Aber warum ist Dänemark gut durch die Corona-Krise gekommen? Das lag an dem Miteinander, an einer gewissen Staatshörigkeit und an einer hohen Impfbereitschaft. Für die Demonstrationen gegen die Corona-Maßnahmen in Deutschland hat man in Dänemark eher Kopfschütteln geerntet.

Ich möchte mit diesem Beispiel nicht auf Dänemark schimpfen. Vielmehr aufzeigen, dass auch hier nur mit Wasser gekocht wird. Dass es hier genauso Altersarmut gibt und dass es hier viele Menschen gibt, die mit der Digitalisierung kaum zurechtkommen. Dänen übrigens. Oder dass Menschen allein aufgrund ihres Aussehens, ihrer Hautfarbe an der Grenze kontrolliert werden. Nein, in Deutschland ist nicht alles so toll, wie man es sich vielleicht wünscht. Aber vielleicht ist es auch deswegen nicht so toll, weil man seinen eigenen Beitrag nicht geleistet hat. Sich vielleicht nicht ehrenamtlich engagiert hat. Auch Deutschland lebt eine Gesellschaft von einem Miteinander genauso wie Dänemark.

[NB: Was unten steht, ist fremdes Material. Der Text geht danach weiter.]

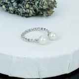 ZAREYA Twin Pearl Twist Ring – 925 Silver | Elegant Minimal Adjustable Ring
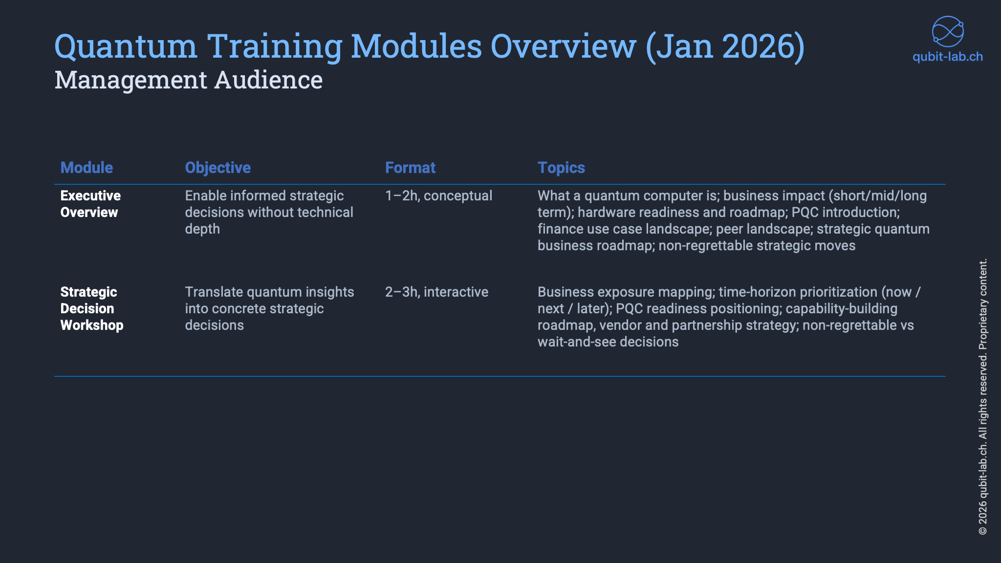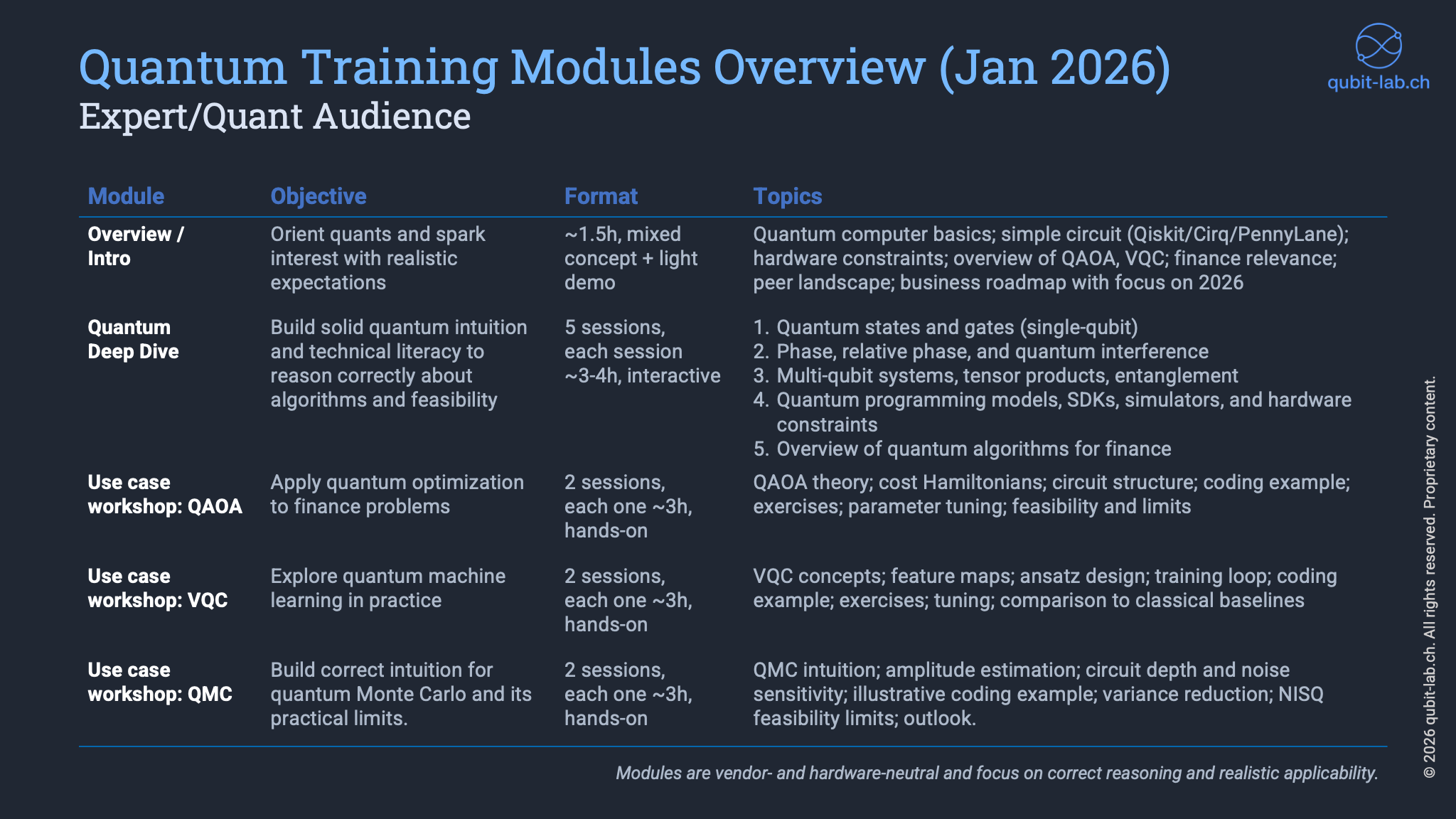 No advanced background in mathematics or physics is required. This program is designed for finance professionals, technology leaders, managers, and specialists who want to understand the business impact of quantum computing. Whether the goal is strategic awareness or practical exploration, qubit-lab provides a structured entry point.
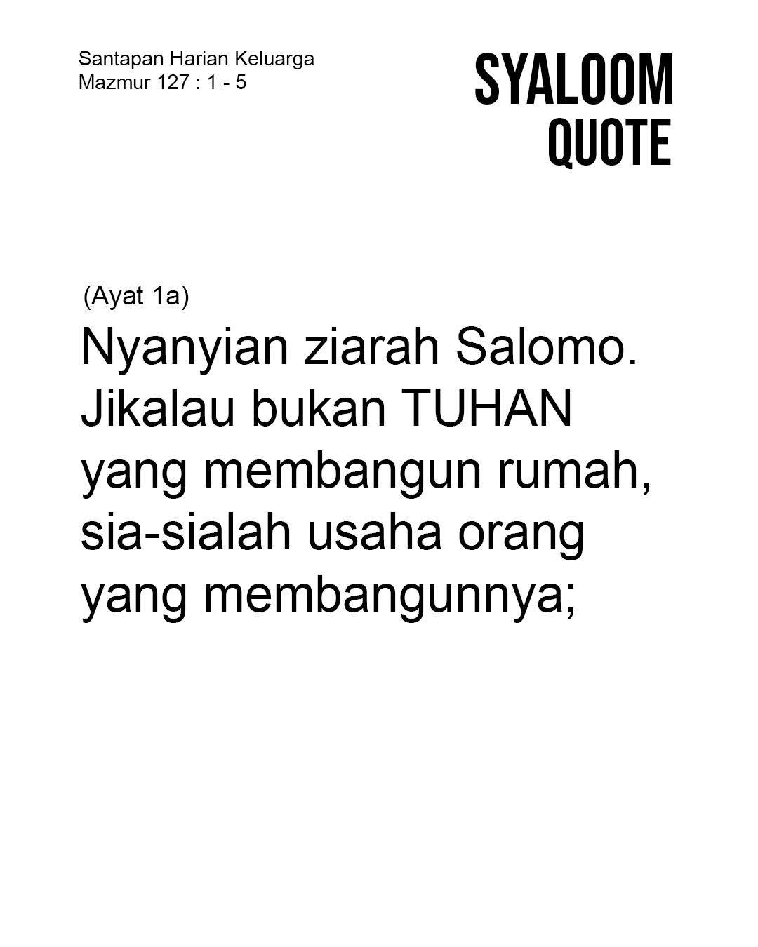 Mazmur 127 adalah sebuah nyanyian ziarah yang dinisbatkan kepada Salomo. Mazmur ini menekankan bahwa segala usaha manusia, baik dalam membangun rumah, menjaga...
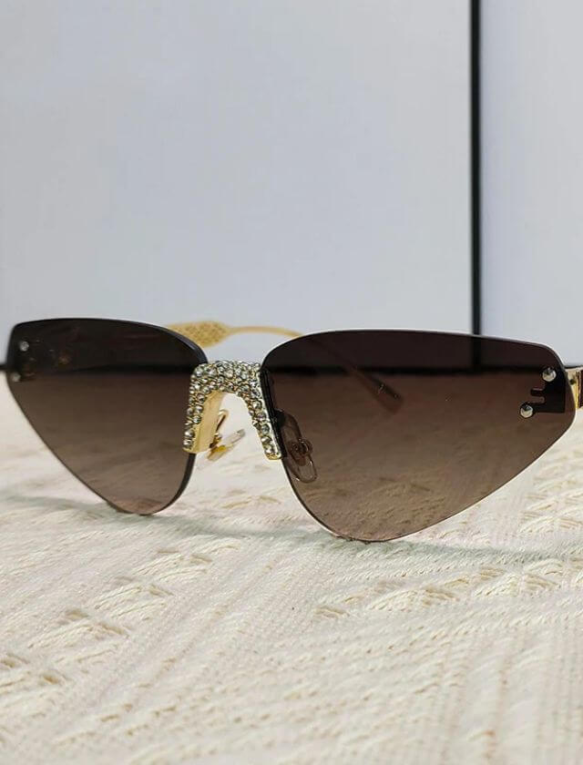 The small, rimless design and cat-eye shape give these sunglasses a trendy and chic look that is sure to elevate your style game. The rhinestone embellishments add a touch of sparkle and glamour, making them the ultimate must-have accessory for the confident and adventurous fashionista.

Wir erleben gerade eine stärkere Zuwanderung von Menschen, welche den Ferienhausurlaub an der dänischen Westküste mit dänischem Alltag verwechseln. Das hat Potenzial, das Miteinander auch der deutschen Minderheit zu sprengen. Denn wir wünschen uns Zuzügler, die nicht vor Deutschland flüchten, sondern sich hier wirklich in das Grenzland einfinden und engagieren wollen. Wir wollen hier keine Zuwanderer mit Grenzen im Kopf. Denn solche werden zeitnah Probleme mit dem dänischen und durchaus restriktiven System bekommen. Und alsbald weiterziehen. Mittlerweile weiß ich, dass man in einem großen Maklerbüro von dieser Klientel schon recht genervt ist. Weil man weiß, dass es unnötige Unruhe stiftet.

Und dass Dänen auch Deutschland durchaus toll finden, zeigt die große Minderheit, die südlich der Grenze lebt und das Gemeinsame der beiden Welten, des gemeinsamen Grenzlandes liebt und sich im Miteinander engagiert.